BEGIN
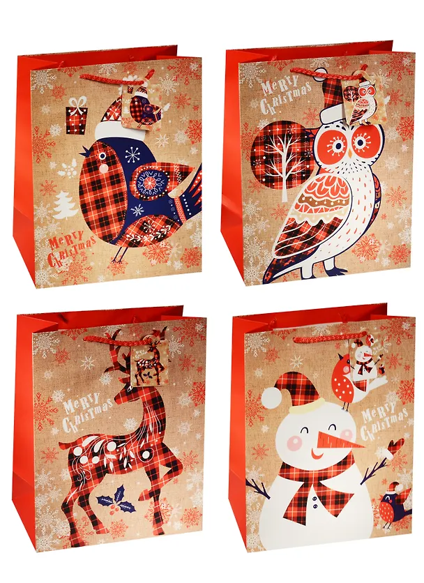 Пакет подарочный бумажный А4 26*32*12.5 "Печворк. Новый год", Новый год, мат. ламинат, Kairui
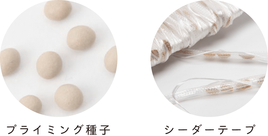 他にも、発芽が早くそろうように処理をほどこした「プライミング種子」、広い畑でも種まきしやすいようにテープ状に加工した「シーダーテープ」など、さまざまな種類の加工種子があります。
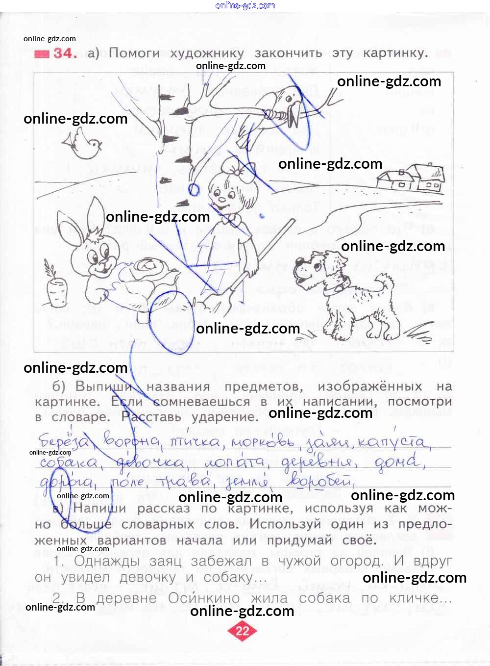 Готовые домашние задания по Русскому языку за 2 класс Рабочая тетрадь Яковлева 2015 - Часть 1. Страницы 22
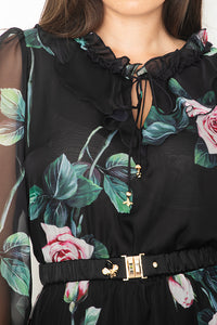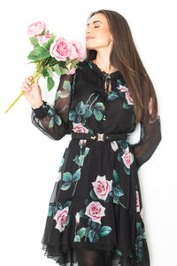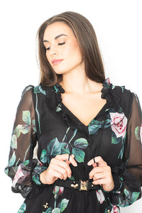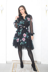 Lahka, prosojna šifonasta tkanina v globoki črni barvi z nežnim vzorcem. Krojena z z rahlo poudarjenim pasom in volančki, ki dodajo gibanje.
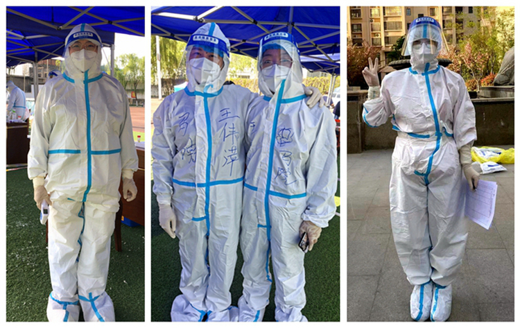 ——廣大教師響應(yīng)號(hào)召,積極參與志愿服務(wù)。4月8日首場(chǎng)全員核酸檢測(cè)拉開序幕,工作人員緊缺,馬克思主義學(xué)院教師安梅、王偉萍、王貝貝主動(dòng)請(qǐng)纓,穿上防護(hù)服,變身“大白”,在炎炎烈日下協(xié)助醫(yī)護(hù)人員完成檢測(cè)任務(wù)。4月11日,組織部發(fā)出《致全校各級(jí)黨組織和廣大共產(chǎn)黨員的倡議書》后,馬克思主義學(xué)院教師黨員積極響應(yīng),踴躍報(bào)名。劉健、葉肖、鞏麗麗、王貝貝、王偉萍等同志參與了校內(nèi)志愿服務(wù),高婷婷、宋秀方等同志積極擔(dān)任了所在小區(qū)志愿者。他們起早貪黑,頂著烈日、冒著風(fēng)雨為疫情防控做出積極貢獻(xiàn)。還有肖歲利等非黨員教師也積極向組織表達(dá)了參加志愿服務(wù)的強(qiáng)烈愿望。
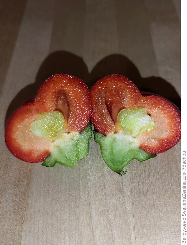 Перцы толстостенные. Вне зависимости от веса и размера толщина стенки 9-10 мм. На вкус отличные — сладкие, очень сочные, при этом хрустящие, как яблочко. При нарезке сок течет по пальцам и они становятся липкими от сладости. Перечный вкус слабо выражен. Зеленые плоды не горчат и также могут использоваться в еду.
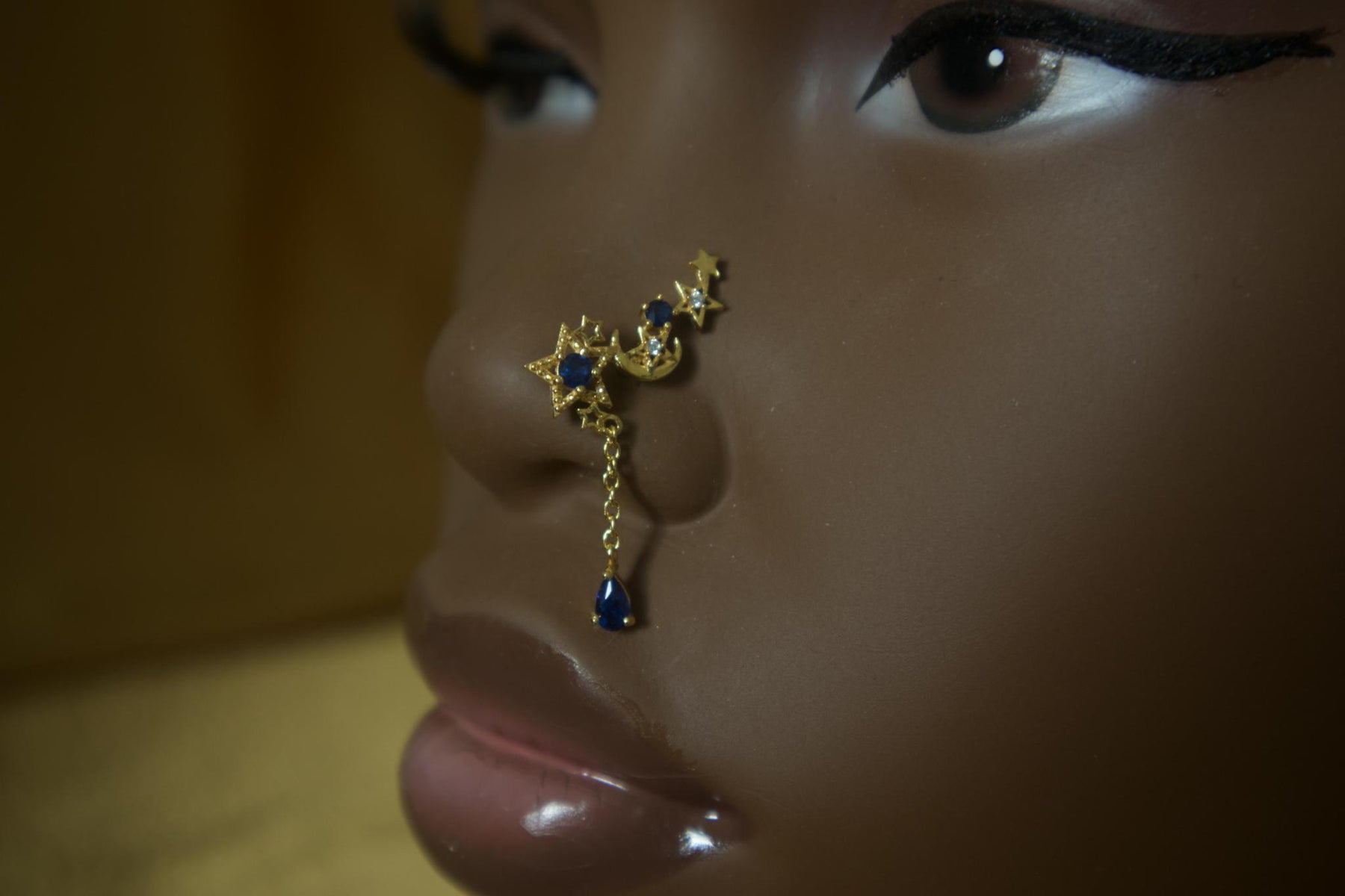 The star glazer nose stud jewelry will give you a dazzling touch whenever you wear it on your nose. The beautiful stars and unique dangle design will give your nose a prominent look and take your personality to the next level.
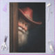 With wide blue eyes and a puckered expression, this cowboy Santa peeks from behind a weathered wooden door like he’s just spotted a holiday surprise—or a cookie thief. His red wide-brimmed hat, round eyeglasses, and full white beard give him classic Claus energy with a western twist. The dramatic lighting and rich textures make this piece a standout in any rustic or whimsical holiday collection.
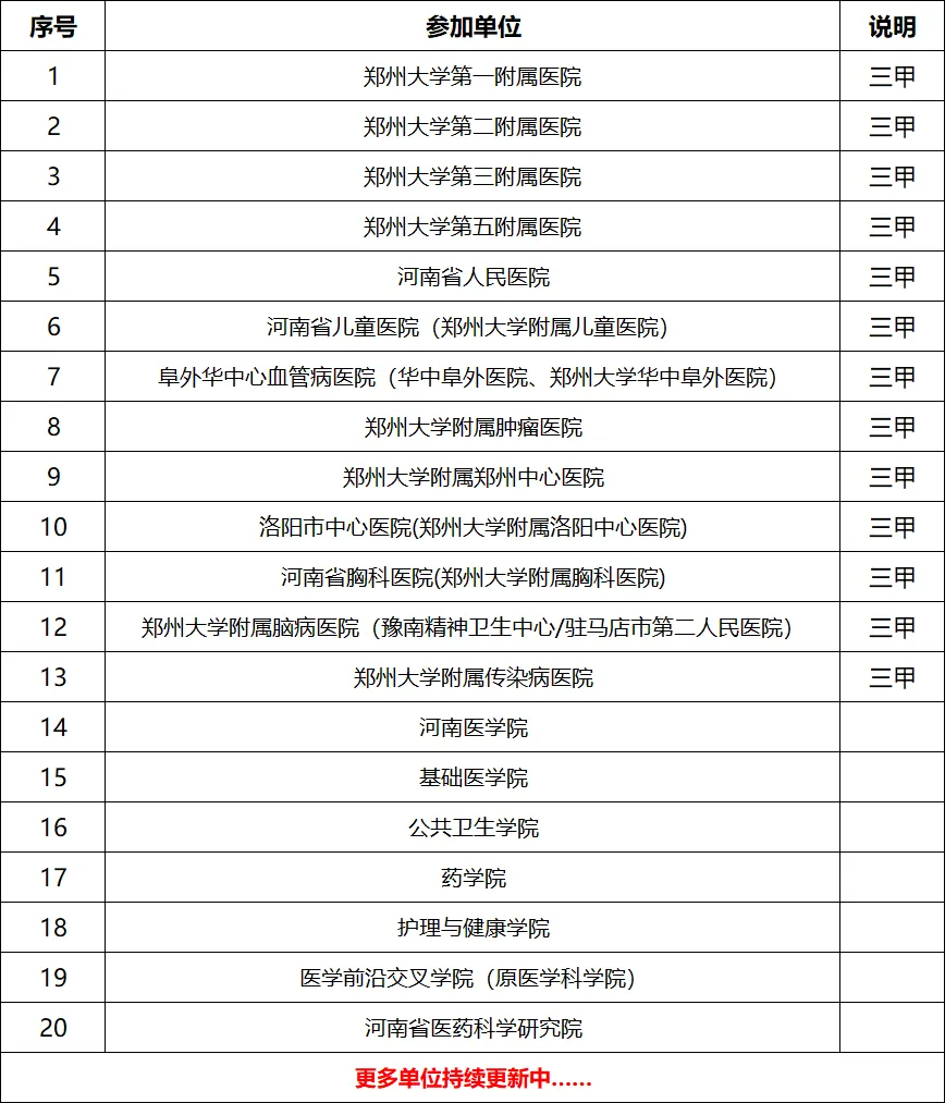 附属医院包括:第一附属医院、第二附属医院、第三附属医院、第五附属医院、人民医院、附属儿童医院、华中阜外医院、附属肿瘤医院、附属郑州中心医院、附属洛阳中心医院、附属胸科医院、附属传染病医院、附属脑病医院。13家附属医院现有国家级临床重点专科54个,7个国家区域医疗中心,省医学重点(培育)学科290个,开放床位数4万余张,年门诊量突破2500万人(次),集聚了河南省最优质的医疗资源,是河南省医学创新人才和高端人才培养的主要临床基地,发挥着重要的引领和示范作用。
END
*Task to complete*
Return the lines above from the one with "Перцы толстостенные. Вне" through the one with "With wide blue", verbatim and nothing else. Omit every picture.

*Your response*
 Перцы толстостенные. Вне зависимости от веса и размера толщина стенки 9-10 мм. На вкус отличные — сладкие, очень сочные, при этом хрустящие, как яблочко. При нарезке сок течет по пальцам и они становятся липкими от сладости. Перечный вкус слабо выражен. Зеленые плоды не горчат и также могут использоваться в еду.
 The star glazer nose stud jewelry will give you a dazzling touch whenever you wear it on your nose. The beautiful stars and unique dangle design will give your nose a prominent look and take your personality to the next level.
 With wide blue eyes and a puckered expression, this cowboy Santa peeks from behind a weathered wooden door like he’s just spotted a holiday surprise—or a cookie thief. His red wide-brimmed hat, round eyeglasses, and full white beard give him classic Claus energy with a western twist. The dramatic lighting and rich textures make this piece a standout in any rustic or whimsical holiday collection.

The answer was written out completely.